Antoine Belgodere
Antoine Belgodere

Reputation: 53

How to vectorize increments in Python

I have a 2d array, and I have some numbers to add to some cells. I want to vectorize the operation in order to save time. The problem is when I need to add several numbers to the same cell.

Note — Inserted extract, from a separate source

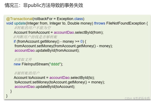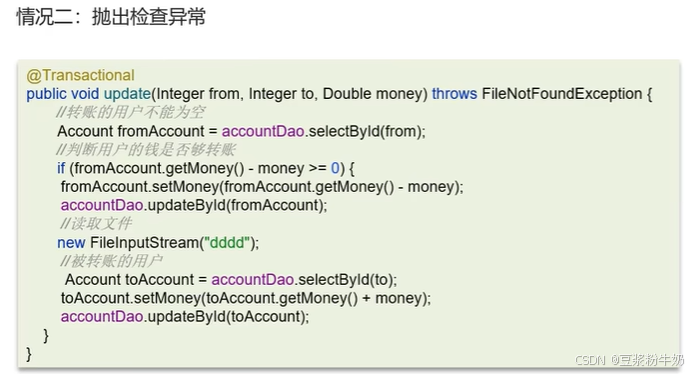 ② 抛出检查异常,配置 rollbackFor 属性为 Exception

In this case, the vectorized code only adds the last. 'a' is my array, 'x' and 'y' are the coordinates of the cells I want to increment, and 'z' contains the numbers I want to add.

import numpy as np

a=np.zeros((4,4))
x=[1,2,1]
y=[0,1,0]
z=[2,3,1]
a[x,y]+=z
print(a)

As you see, a[1,0] should be incremented twice: one by 2, one by 1. So the expected array should be:

[[0. 0. 0. 0.]
 [3. 0. 0. 0.]
 [0. 3. 0. 0.]
 [0. 0. 0. 0.]]

but instead I get:

[[0. 0. 0. 0.]
 [1. 0. 0. 0.]
 [0. 3. 0. 0.]
 [0. 0. 0. 0.]]

The problem would be easy to solve with a for loop, but I wonder if I can correctly vectorize this operation.

Upvotes: 5

Views: 481

Answers (4)

Divakar
Divakar

Reputation: 221584

Approach #1: Bincount-based method for performance

We can use np.bincount for efficient bin-based summation and basically inspired by this post -

def accumulate_arr(x, y, z, out):
    # Get output array shape
    shp = out.shape

    # Get linear indices to be used as IDs with bincount
    lidx = np.ravel_multi_index((x,y),shp)
    # Or lidx = coords[0]*(coords[1].max()+1) + coords[1]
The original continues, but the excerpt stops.